This file has been truncated. show original

tracy · September 14, 2020, 4:45pm

Isn’t SPECTRE also a James Bond arch-enemy? (Yes another one of my unrelated comments, sorry couldn’t resist.)

fsflover · September 14, 2020, 5:35pm

Software solution is sometimes not enough. Qubes OS disables HyperThreading for security reasons, but if it is still on in BIOS, there is increased power consumption after suspend/resume: https://github.com/QubesOS/qubes-issues/issues/5210. It would be very helpful to be able to switch off HT in BIOS on my Librem 15.

kieran · September 15, 2020, 5:27am

HT is only part of the problem though. Speculative execution is the other part and perhaps the bigger part - and the reason for the name.

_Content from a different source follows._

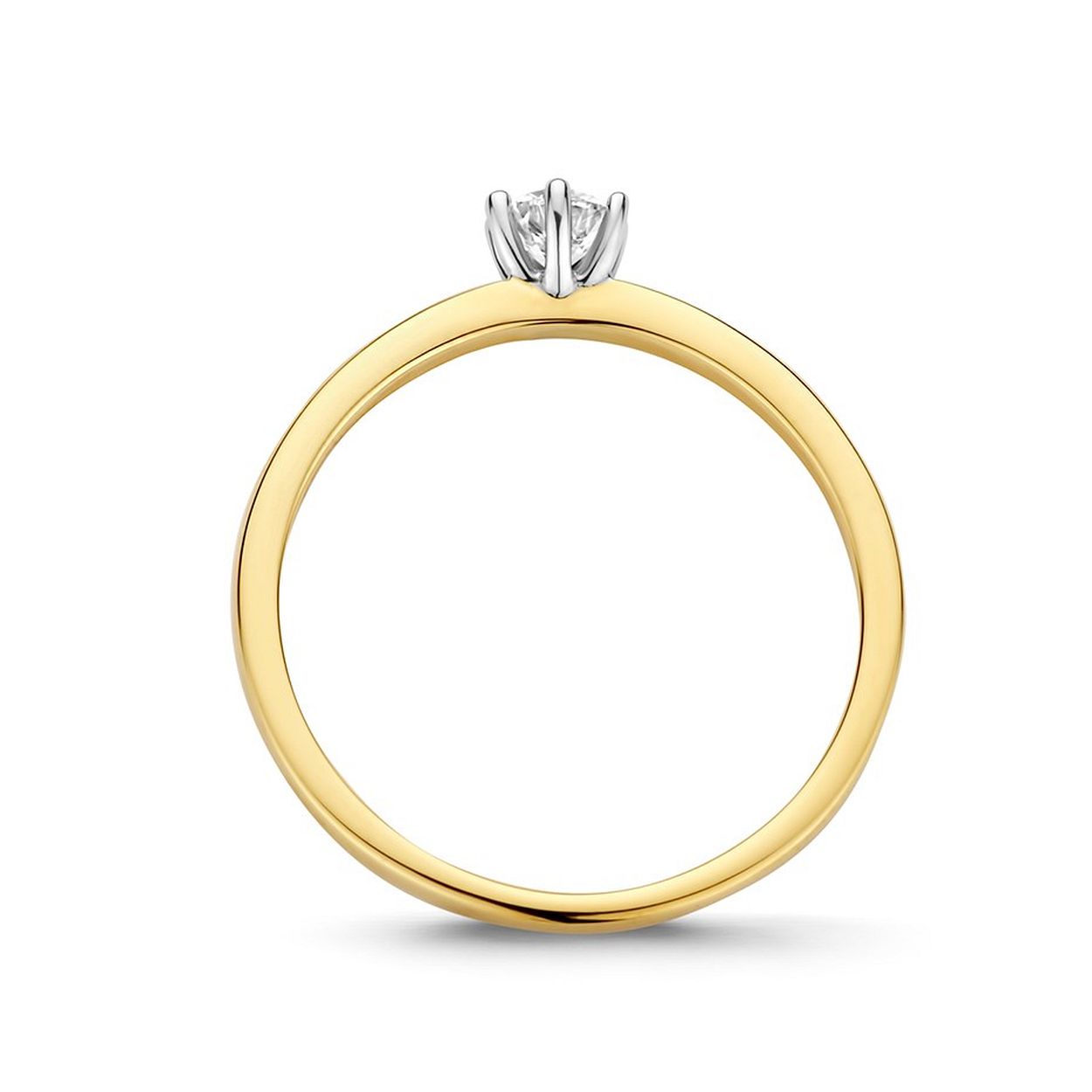 14k Bicolor geel- en witgouden ring uitgevoerd met een schitterende diamant. De ring heeft een breedte van 4.5mm.

Intel doesn’t provide any means of disabling speculative execution, AFAIK.

whistler · September 15, 2020, 1:48pm

@lperkins2 Beautiful! For those who haven’t looked at it, the code seems to be echoing “0” to /sys/devices/system/cpu/cpu[X]/online in order to disable HT, or “1” to enable it, where X is a member of the set of numbers in /sys/devices/system/cpu/cpu[X]/topology/thread_siblings_list. (Note that the file size of “online” is much larger that one byte, so watch your padding bytes in case it matters.) Unfortunately, the code doesn’t work if the latter file has ranges like “4-5” instead of lists like “4,5”. It’s probably sufficient just to kill off all the odd numbered cores (and I guess reboot in order to enact it).

@fsflover For those with a Librem machine, can you explain how to disable it in the firmware?

@kieran I agree, and I admitted as much, but your repetition is justifiable because Spectre is so underappreciated for that the threat that it actually is.

The truth is that, with enough cores, we could kill all speculative execution and not lose much in the way of performance (as though that’s even a consideration when the alternative is to lose security, but people are usually lazy). But we don’t even need to go that far. The basic choices are:

Make hardware changes to enable speculation without side effects. In other words, it can use data already in the L1 cache, but it’s not allowed to modify the state of any cache at any level until the code path is no longer speculative. This has been well described in the literature, but would take an enormous (de)engineering effort.
Make a set of instructions which enclose a piece of code to be executed without speculation. This is pretty straightforward to implement because it’s already halfway done with serializing instructions such as CPUID and MFENCE; it’s just a matter of making “start serialization” and “end serialization” instructions. The hard part is knowing when you’re dealing with sensitive data, and when you’re not. By and large, you are. So compilers would need to shut off speculation everywhere by default, and only not do so when the programmer explicitly indicates that it’s safe to enable it.

The first option accelerates at the rate of Moore’s Law for L1 cache size (pretty slowly). The second option starts slow and gets faster with or without silicon process improvements, as programmers optimize snippets where security isn’t an issue.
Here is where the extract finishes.